Elaborating on another positive outcome of COVID, she said that the pharma companies could script a success story with support from government agencies like ICMR, DBT and DST, which conducted the trials. “COVID has taught us a lesson about collaboration and the need to work together,” she said.
And as the saying (which has been altered a little) goes, you can take an Odia outside Odisha but you cannot take Odisha out of an Odia, Priyanka has been doing a bit to promote her culture and tradition in all the 30 years she has been away from the state. She is the founder member of Jagannath Cultural Academy for Research Centre in Ahmedabad, where she spent 15 good years.

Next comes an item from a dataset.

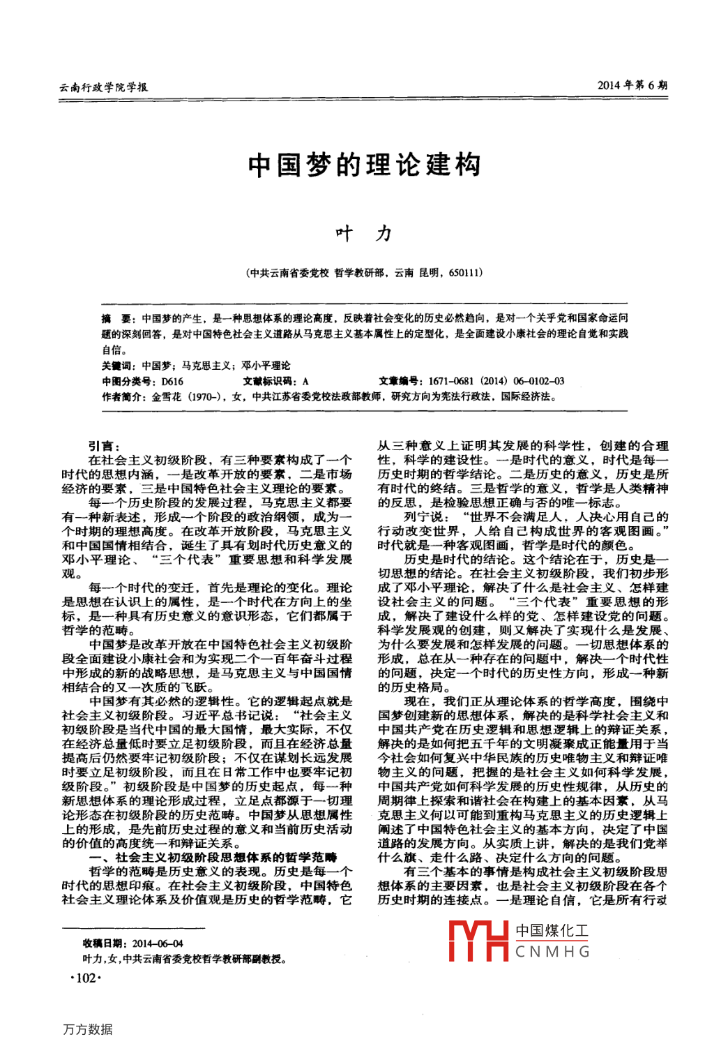 云南行政學(xué)院學(xué)報014年第6期中國夢的理論建構(gòu)葉力(中共云南省委黨校哲學(xué)教研部,云南昆明,650111)搞要:中國夢的產(chǎn)生,是一種思想體系的理論高度,反映著社會變化的歷史必然趨向,是對一個關(guān)乎黨和國家命運(yùn)問題的深刻回答,是對中國特色社會主義道路從馬克思主義基本屬性上的定型化,是全面建設(shè)小康社會的理論自覺和實(shí)踐自信。關(guān)鍵詞:中國夢;馬克思主義;鄧小平理論中圖分類號:D616文獻(xiàn)標(biāo)識碼:A文章編號:1671-0681(2014)06-010203作者簡介:金雪花(1970-),女,中共江蘇省委黨校法政部教師,研究方向?yàn)閼椃ㄐ姓?國際經(jīng)濟(jì)法。引言:從三種意義上證明其發(fā)展的科學(xué)性,創(chuàng)建的合理在社會主義初級階段,有三種要素構(gòu)成了一個性,科學(xué)的建設(shè)性。一是時代的意義,時代是每時代的思想內(nèi)涵,一是改革開放的要素,二是市場歷史時期的哲學(xué)結(jié)論。二是歷史的意義,歷史是所經(jīng)濟(jì)的要素,三是中國特色社會主義理論的要素。有時代的終結(jié)。三是哲學(xué)的意義,哲學(xué)是人類精神每一個歷史階段的發(fā)展過程,馬克思主義都要的反思,是檢驗(yàn)思想正確與否的唯一標(biāo)志。有一種新表述,形成一個階段的政治綱領(lǐng),成為列寧說:“世界不會滿足人,人決心用自己的個時期的理想高度。在改革開放階段,馬克思主義行動改變世界,人給自己構(gòu)成世界的客觀圖畫。”和中國國情相結(jié)合,誕生了具有劃時代歷史意義的時代就是一種客觀圖畫,哲學(xué)是時代的顏色。鄧小平理論、“三個代表”重要思想和科學(xué)發(fā)展歷史是時代的結(jié)論。這個結(jié)論在于,歷史是一說°每一個時代的變遷,首先是理論的變化。理論成了鄧小平理論,解決了什么是社會主義、怎樣建切思想的結(jié)論。在社會主義初級階段,我們初步形是思想在認(rèn)識上的屬性,是一個時代在方向上的坐設(shè)社會主義的問題。“三個代表”重要思想的形標(biāo),是一種具有歷史意義的意識形態(tài),它們都屬于成,解決了建設(shè)什么樣的黨、怎樣建設(shè)黨的問題。哲學(xué)的范疇??茖W(xué)發(fā)展觀的創(chuàng)建,則又解決了實(shí)現(xiàn)什么是發(fā)展中國夢是改革開放在中國特色社會主義初級階為什么要發(fā)展和怎樣發(fā)展的問題。一切思想體系的段全面建設(shè)小康社會和為實(shí)現(xiàn)二個一百年奮斗過程形成,總在從一種存在的問題中,解決一個時代性中形成的新的戰(zhàn)略思想,是馬克思主義與中國國情的問題,決定一個時代的歷史性方向,形成一種新相結(jié)合的又一次質(zhì)的飛躍。的歷史格局。中國夢有其必然的邏輯性。它的邏輯起點(diǎn)就是現(xiàn)在,我們正從理論體系的哲學(xué)高度,圍繞中社會主義初級階段。習(xí)近平總書記說:“社會主義國夢創(chuàng)建新的思想體系,解決的是科學(xué)社會主義和初級階段是當(dāng)代中國的最大國情,最大實(shí)際,不僅中國共產(chǎn)黨在歷史邏輯和思想邏輯上的辯證關(guān)系,在經(jīng)濟(jì)總量低時要立足初級階段,而且在經(jīng)濟(jì)總量解決的是如何把五千年的文明凝聚成正能量用于當(dāng)提高后仍然要牢記初級階段;不僅在謀劃長遠(yuǎn)發(fā)展今社會如何復(fù)興中華民族的歷史唯物主義和辯證唯時要立足初級階段,而且在日常工作中也要牢記初物主義的問題,把握的是社會主義如何科學(xué)發(fā)展,級階段?!背跫夒A段是中國夢的歷史起點(diǎn),每一種中國共產(chǎn)黨如何科學(xué)發(fā)展的歷史性規(guī)律,從歷史的新思想體系的理論形成過程,立足點(diǎn)都源于一切理周期律上探索和諧社會在構(gòu)建上的基本因素,從馬論形態(tài)在初級階段的歷史范疇。中國夢從思想屬性克思主義何以可能到重構(gòu)馬克思主義的歷史邏輯上上的形成,是先前歷史過程的意義和當(dāng)前歷史活動闡述了中國特色社會主義的基本方向,決定了中國的價值的高度統(tǒng)一和辯證關(guān)系。道路的發(fā)展方向。從實(shí)質(zhì)上講,解決的是我們黨舉社會主義初級階段思想體系的哲學(xué)范障什么旗、走什么路、決定什么方向的問題哲學(xué)的范疇是歷史意義的表現(xiàn)。歷史是每一個有三個基本的事情是構(gòu)成社會主義初級階段思時代的思想印痕。在社會主義初級階段,中國特色想體系的主要因素,也是社會主義初級階段在各個社會主義理論體系及價值觀是歷史的哲學(xué)范疇,它歷史時期的連接點(diǎn)。一是理論自信,它是所有行動中國煤化工收稿日期:20140604葉力,女,中共云南省委黨校哲學(xué)教研部酬教授CNMH葉力:中國夢的理論建構(gòu)的指南。二是道路自信,它是實(shí)現(xiàn)中國夢的途徑。大問題,也都需要從戰(zhàn)略上拿出治本之策?!痹谑侵贫茸孕?它是一切發(fā)展的根本保障,這三者八大之后,習(xí)近平總書記結(jié)合中國國情和時代特征是中國特色社會主義的基本立足點(diǎn)和歷史范疇,因發(fā)表了關(guān)于中國夢的重要論述,成為一種新的理論此形成經(jīng)濟(jì)建設(shè)、政治建設(shè)、文化建設(shè)、黨的思想起點(diǎn)。建設(shè)、生態(tài)文明建設(shè)五位一體的格局和總依據(jù)、總中國夢的理論內(nèi)涵有正能量、歷史周期律、最

Her two daughters are trained in Odissi and they make at least one trip to Odisha every year. “We carry back foodstuff from the state in bags that were filled with gifts for family members,” she said.
Not to forget, the time in Odisha is spent on relishing chat, dahibara aloodum, lassi and Mahaprasad of Lord Jagannath with the must-visit to Puri. “I have introduced Cuttack mixture, arisa pitha and chhena poda to several people in Ahmedabad and Delhi,” she said.
Priyanka spent her childhood in Rairangpur and Udala, Baripada and Cuttack where she studied. “Now, all my relatives have settled in Bhubaneswar. If we think of coming back to Odisha, we too would stay in Bhubaneswar,” she said before signing off.